**Problem to work on:** After finding "Small Circle Corner" in a line below, print that line and the rest of the lines exactly, leaving out all pictures.

**Recorded information:**
+---+
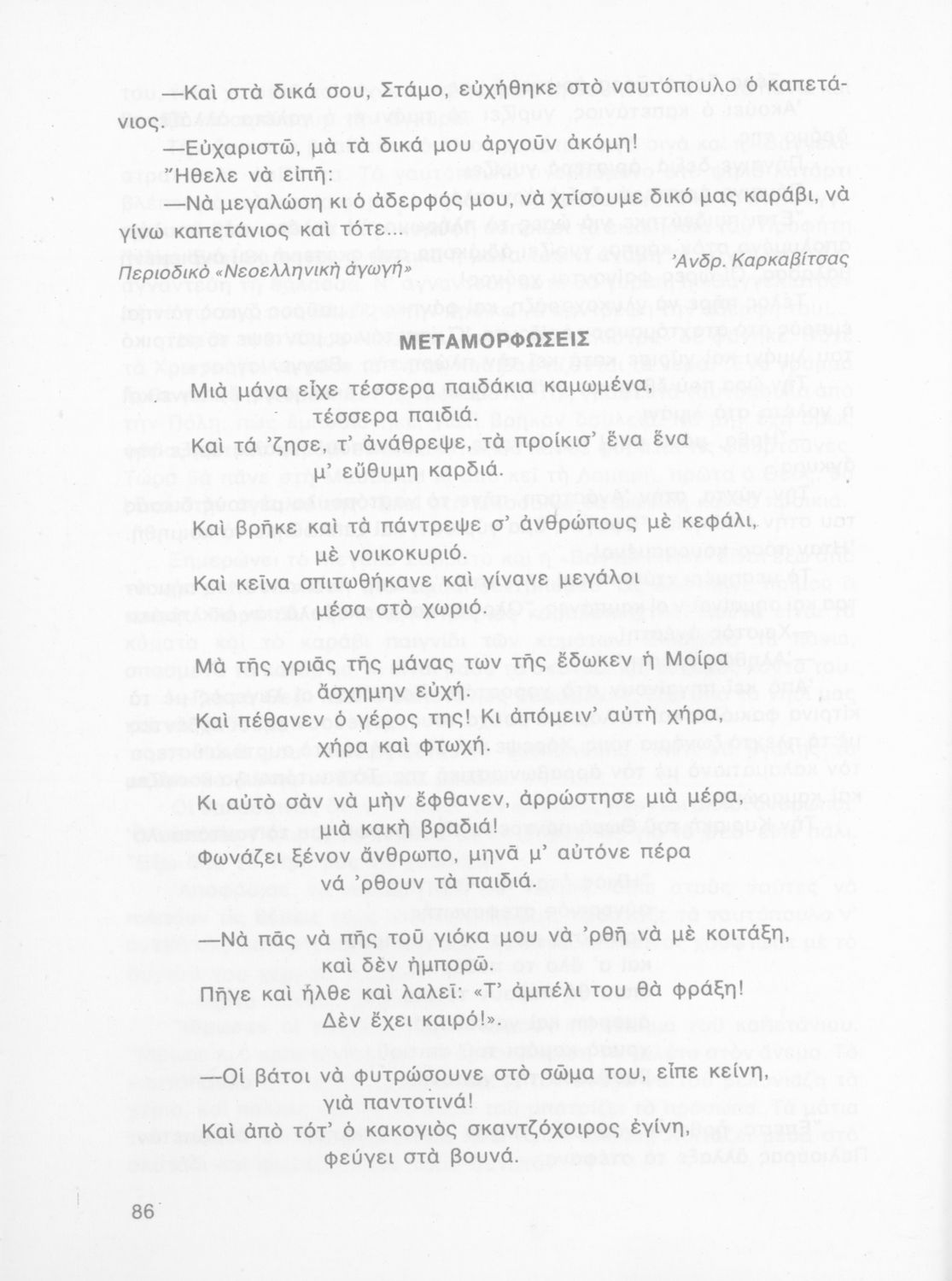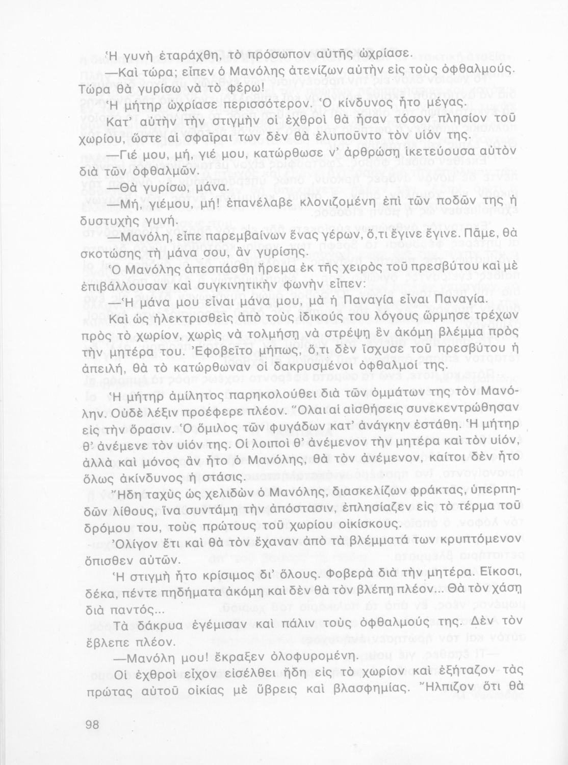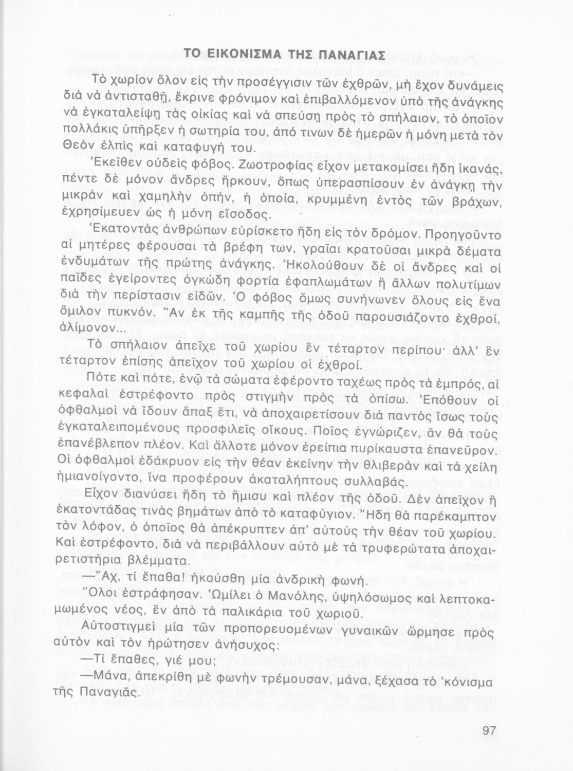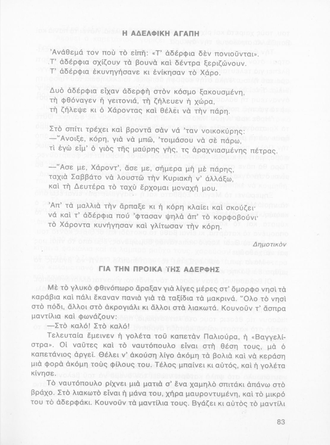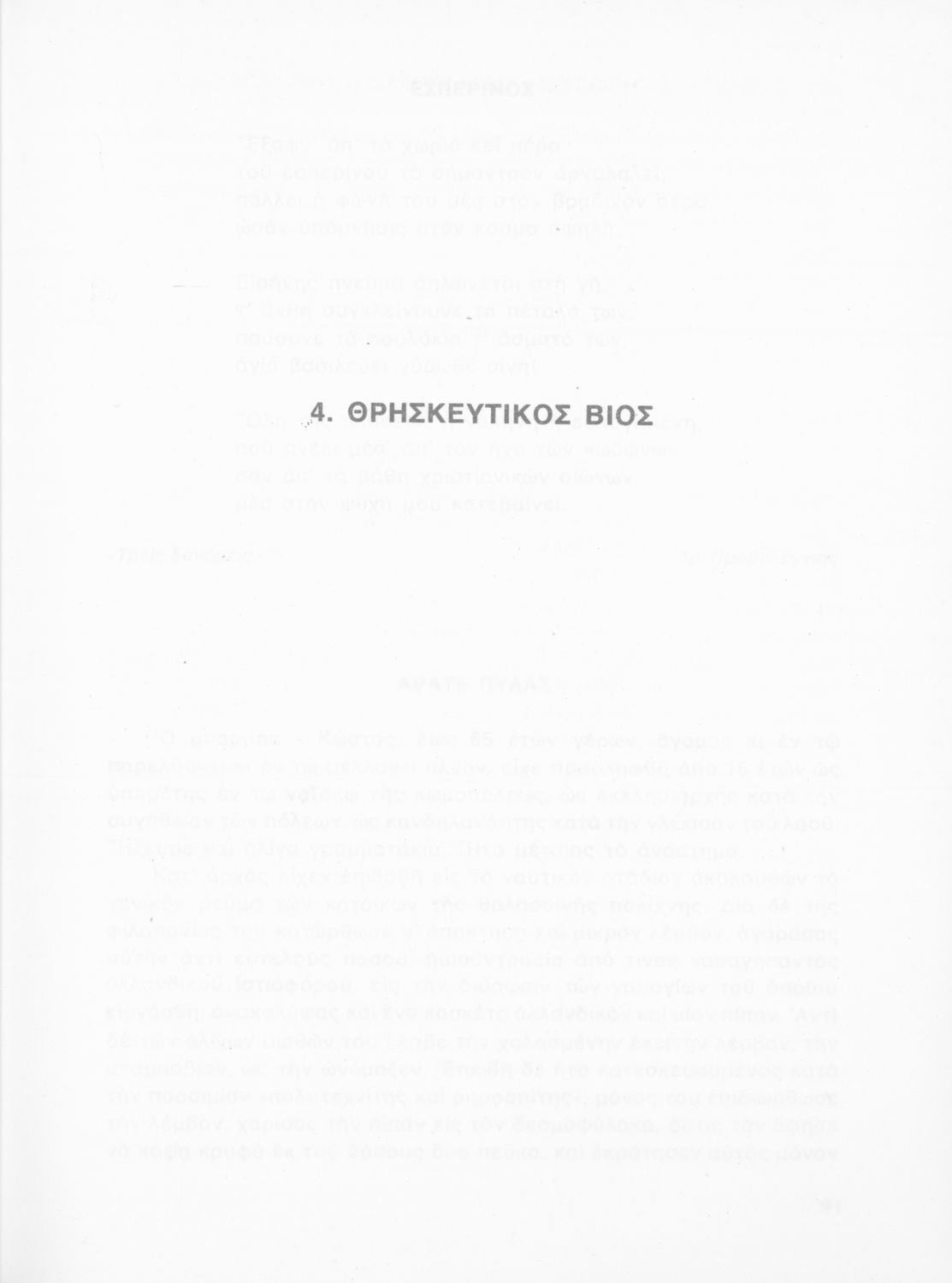 Σχολικό εγχειρίδιο Νέων Ελληνικών Γ΄ Γυμνασίου και Α' Αστικού Σχολείου που περιέχει πεζά και ποιήματα Ελλήνων συγγραφέων εμπνευσμένα από τη θρησκευτική και κοινωνική ζωή, την ελληνική μυθολογία, την αρχαία και
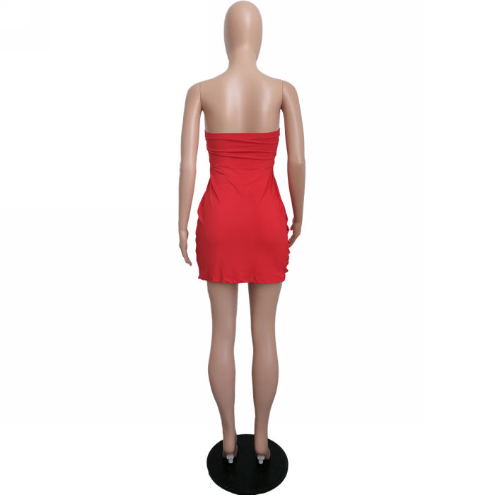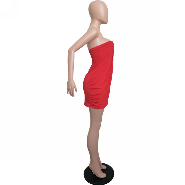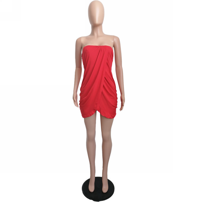 2022 Styles Women Fashion Summer INS Styles Solid Color Tube Irregular Mini DressSKU: #CF62002-1
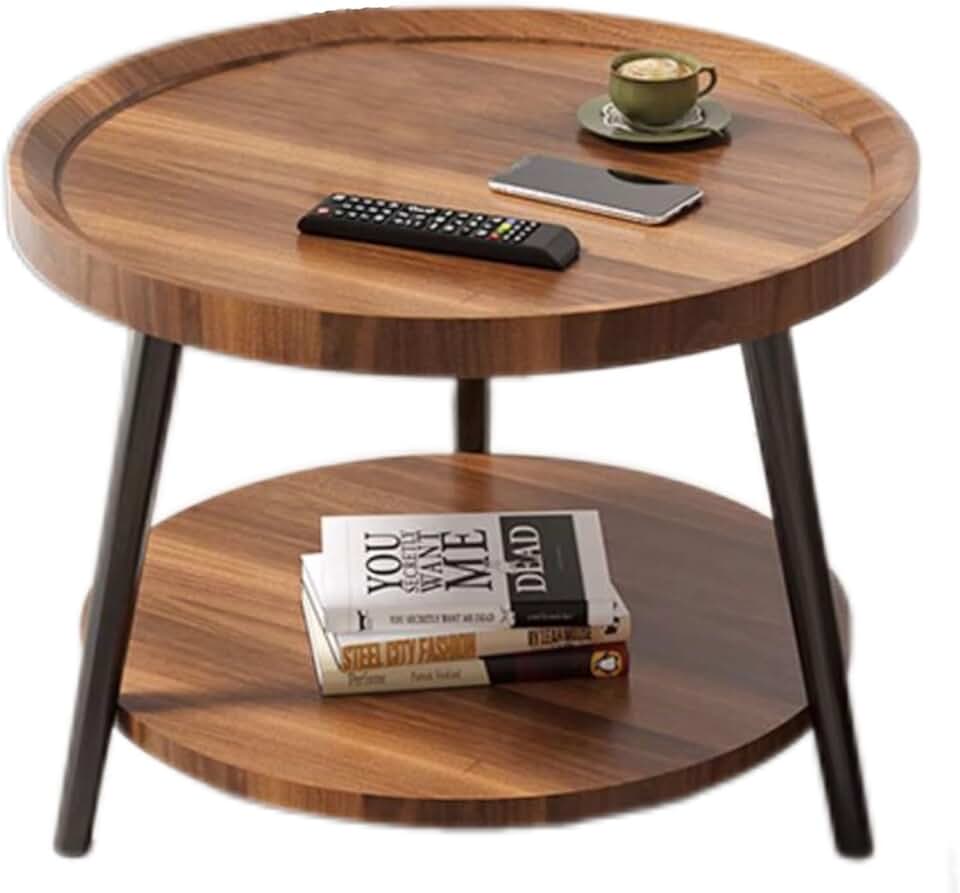 Small Circle Corner Table with Storage, Modern Simple Double-Layer Round Coffee Table for Living Room - Wood Farmhouse Sofa Side Table/Home Office Center Table
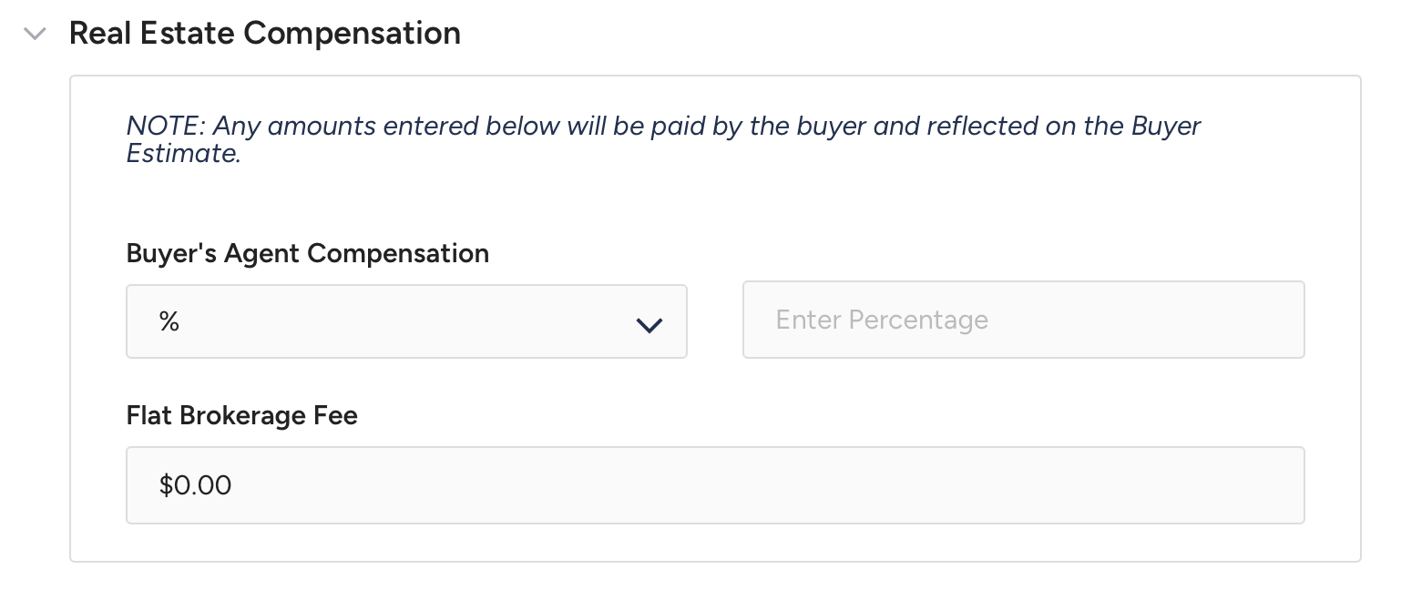 Use the dropdowns to input these amounts as either a percentage of the sales price or a fixed dollar amount. To indicate split compensation, simply enter the respective dollar amount or percentage that the Buyer is responsible for in the appropriate fields. Additionally, you can include compensation as a line item under āFlat Brokerage Feeā.
+---+
**Response area:**
 Small Circle Corner Table with Storage, Modern Simple Double-Layer Round Coffee Table for Living Room - Wood Farmhouse Sofa Side Table/Home Office Center Table
 Use the dropdowns to input these amounts as either a percentage of the sales price or a fixed dollar amount. To indicate split compensation, simply enter the respective dollar amount or percentage that the Buyer is responsible for in the appropriate fields. Additionally, you can include compensation as a line item under āFlat Brokerage Feeā.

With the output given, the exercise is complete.